In the listing below, find the line containing "Alfombra moderna de" and the line containing "陳青今日星座運勢2026年2月13日(圖片版)". Repeat exactly those two lines and every line between them.
═══ Data
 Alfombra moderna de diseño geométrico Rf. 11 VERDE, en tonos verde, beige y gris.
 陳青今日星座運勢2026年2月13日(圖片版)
══════
═══ Data
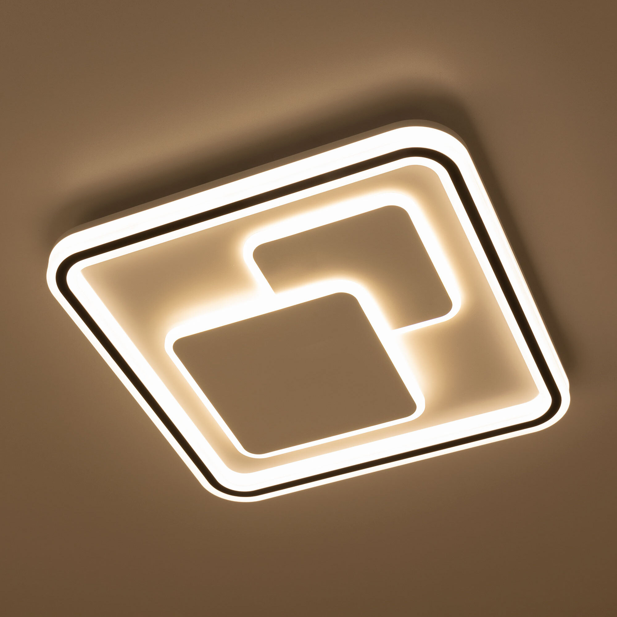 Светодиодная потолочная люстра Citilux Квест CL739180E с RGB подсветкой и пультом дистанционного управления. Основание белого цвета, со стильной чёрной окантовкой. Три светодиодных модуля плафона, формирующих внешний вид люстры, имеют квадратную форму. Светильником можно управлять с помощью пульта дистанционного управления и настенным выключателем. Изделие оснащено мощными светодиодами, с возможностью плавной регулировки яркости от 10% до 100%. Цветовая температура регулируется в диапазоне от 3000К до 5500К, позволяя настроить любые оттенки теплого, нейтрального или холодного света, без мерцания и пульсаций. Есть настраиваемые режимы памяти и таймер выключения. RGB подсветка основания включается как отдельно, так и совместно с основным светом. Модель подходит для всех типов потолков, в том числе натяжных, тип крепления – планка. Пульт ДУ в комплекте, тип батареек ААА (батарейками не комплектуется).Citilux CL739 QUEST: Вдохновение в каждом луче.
══════
═══ Data
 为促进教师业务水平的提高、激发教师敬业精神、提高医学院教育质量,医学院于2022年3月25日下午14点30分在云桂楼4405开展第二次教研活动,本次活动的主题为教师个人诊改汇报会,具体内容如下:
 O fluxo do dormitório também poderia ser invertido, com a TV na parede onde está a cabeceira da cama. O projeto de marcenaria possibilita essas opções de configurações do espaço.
══════
Task result —
 Alfombra moderna de diseño geométrico Rf. 11 VERDE, en tonos verde, beige y gris.
 陳青今日星座運勢2026年2月13日(圖片版)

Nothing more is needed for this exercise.